На самом первом занятии профессор Новак удивил Арана своей внешностью. До сих пор все преподаватели на юридическом факультете представляли собой строгих и хмурых старичков и старушек в очках, разговаривающими даже во время обеденного перерыва сухими техническими терминами. Профессор философии, или правоведения, или государства и права отличались друг от друга лишь набором терминов и полом, ну, соответственно, и одеждой в зависимости от пола. Однако основы юриспруденции – случай отдельный. Господин Новак не состоял в постоянном штате преподавательского состава университета, а был контрактным работником, который по своей основной деятельности за стенами образовательного учреждения являлся личным адвокатом компании какого-то крупного финансиста или банкира. От своей преподавательской деятельности он получал личную выгоду: вербовка студентов для своей личной бумажной рутины в качестве неоплачиваемой практики. Он всегда носил с собой свод законов, но редко ссылался к теории, всегда стараясь открыть глаза юнцов на реалии адвокатского дела. В самый первый день лекций в кабинет размашистым и уверенным шагом в резких движениях прошел темноволосый мужчина лет сорока в дорогом черном костюме с зачесанными назад блестящими волосами, с густыми бровями, который через предложение вставлял «ну что ж, господа». Он говорил очень громогласно и отрывисто, а, как правило, при таком стиле общения плавного разговора не получается. Собеседник, будто, отрезает фразы и прерывает размеренность речи, вроде и не перебивая, но будто при этом подводя окончательный итог своей отрывистой репликой. Уже на следующий день Нэт Гоббинс появился в университете, переняв весь облик своего нового кумира, разглядев в нем идеал настоящего успешного и реального, а не теоретического адвоката.
Где-то из угла раздался громкий мужской голос, раскатившийся по всей аудитории:
– Доброе утро, дамы и господа!
Аран поднял голову и посмотрел на пересекающего весь зал быстрым шагом профессора с черным кожаным портфелем в руке.

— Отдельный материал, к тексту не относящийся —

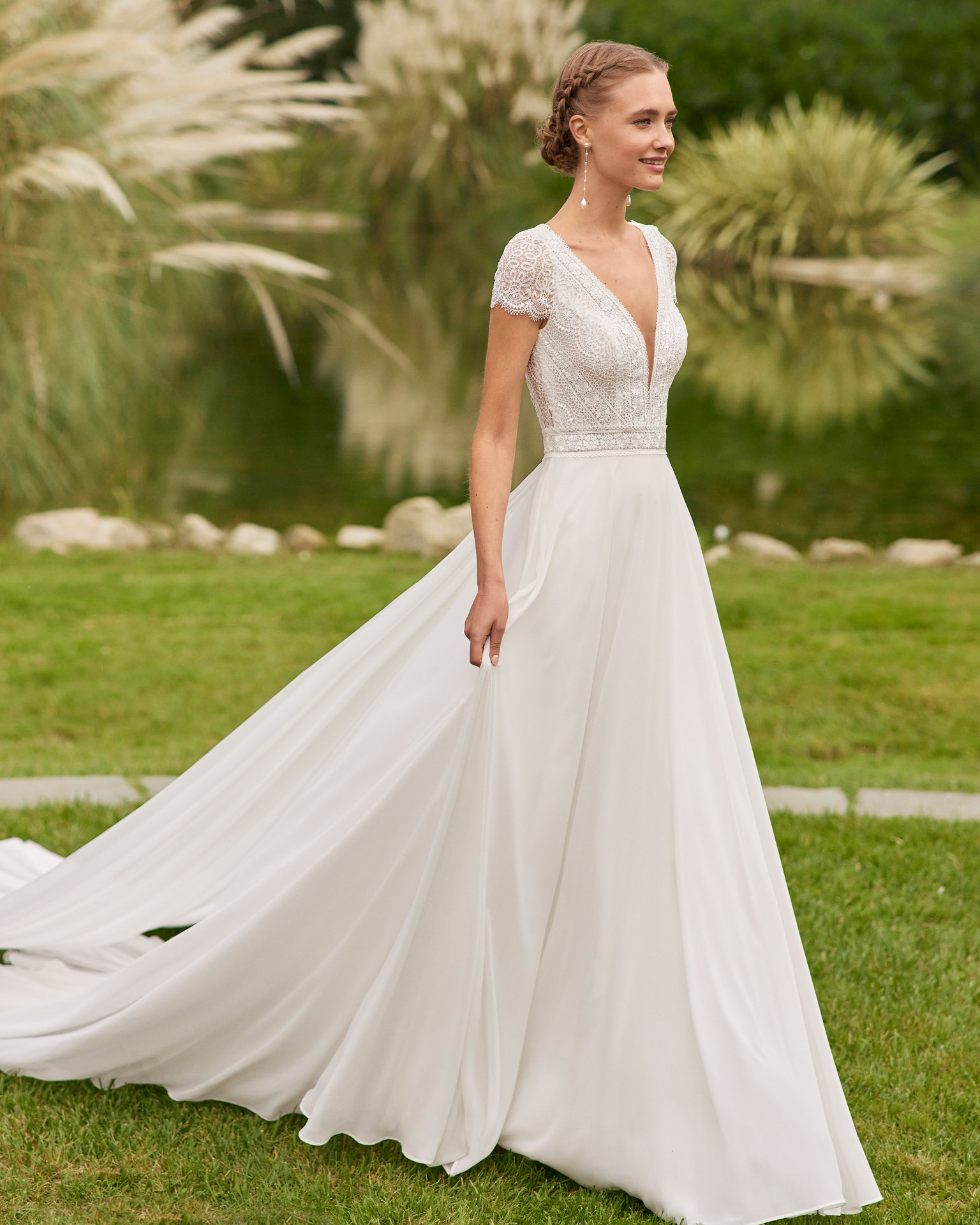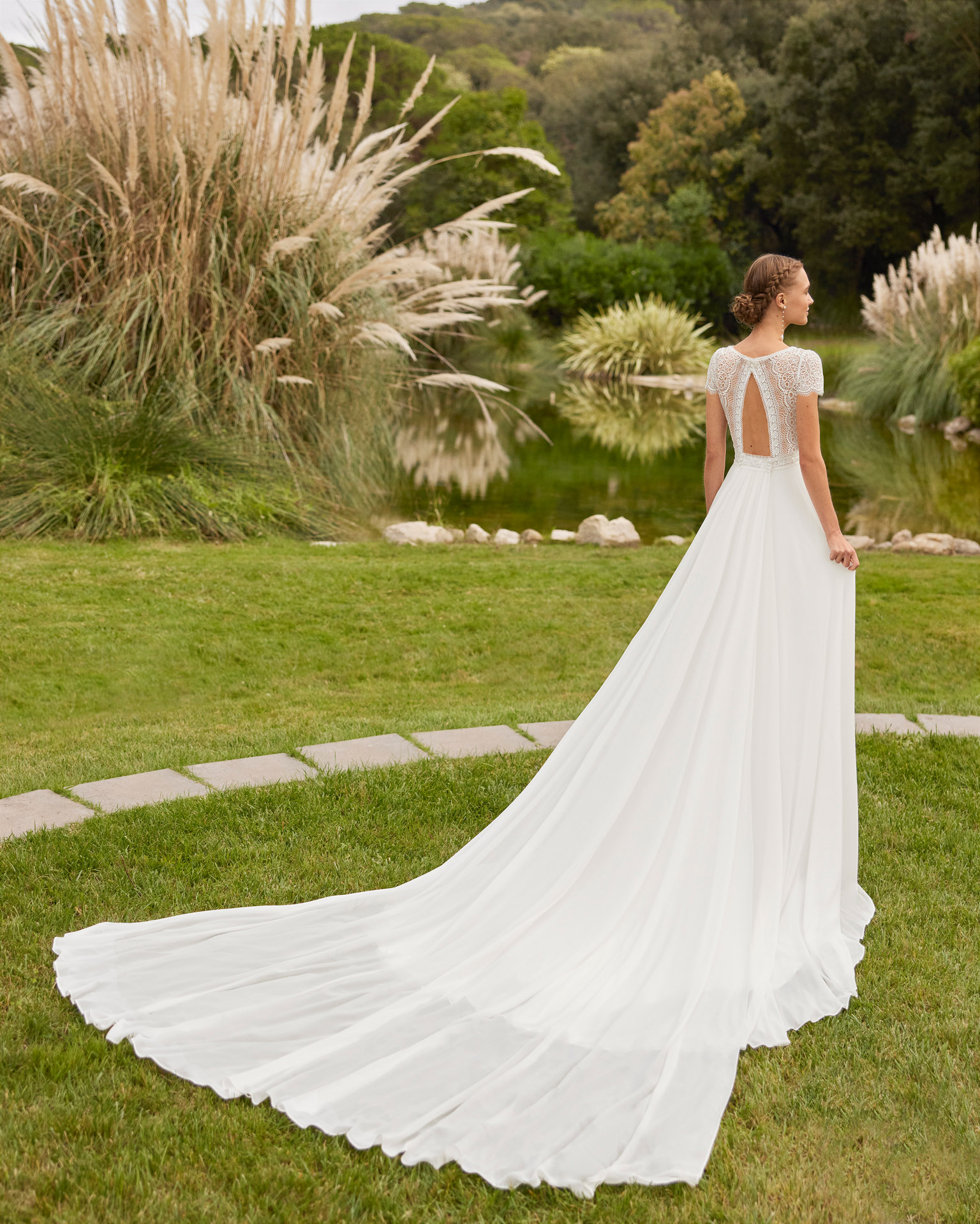 Robe de mariée longue, deux pièces, coupe droite. Confectionnée en crêpe avec ornements floraux, elle présente un décolleté dos nu et un dos nu avec traîne.
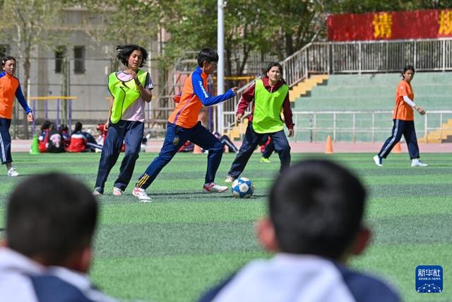 这是在阿图什市硝鲁克中学,阿图什市U13女子足球队球员在训练中进行分组比赛(4月10日摄)。新华社记者 徐宏岩 摄
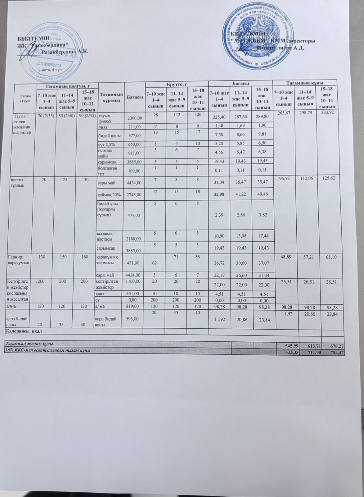Күнделікті тегін тамақтану мәзірі (15.01.2026)
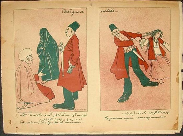 Принудительный брак - тема для иллюстрации с надписью на русском языке « Свободная любовь» - Свободная любовь. Важно отметить, что читать надо изображения справа налево, как в арабском языке, используемом в то время в Азербайджане.
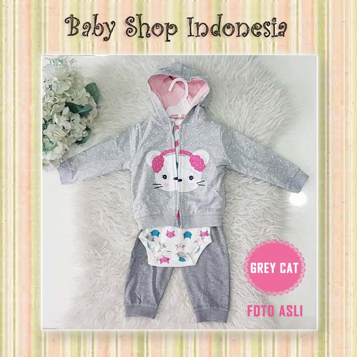 PU457 Setelan Jumpsuit Jaket Bayi Carters Grey Cat  large
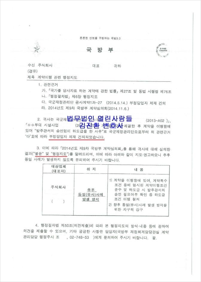 국방부 계약심의회는 군 내부에서 올라온 부정당업자 제재 건의를 최종적으로 심의하여 제재 처분을 내리는 기관으로서 아무래도 부정당업자 제재 건의로 올라온 사안을 그대로 확정하는 것이 일반적입니다.

– Не будем терять ни ваше, ни, самое главное, мое драгоценное время и сразу перейдем к делу, – он вытащил из портфеля папку с бумагами, швырнул его на одну из скамей присяжных и прошел к столу машиниста-регистратора, деловито облокотившись одним локтем о тумбу и поставив одну ногу на носок. – Все вы должны знать суть нашего сегодняшнего занятия. Тех, кто еще не знает – уже не спасти.
Аран скривил уголок губ, уловив ядовитый юмор профессора. Новак часто повторял важность диалекта и тонкого юмора в ораторской речи и еще чаще демонстрировал свой сарказм на студентах, доказывая на практике, как одной фразой можно уложить противника на лопатки: быстро и очень болезненно.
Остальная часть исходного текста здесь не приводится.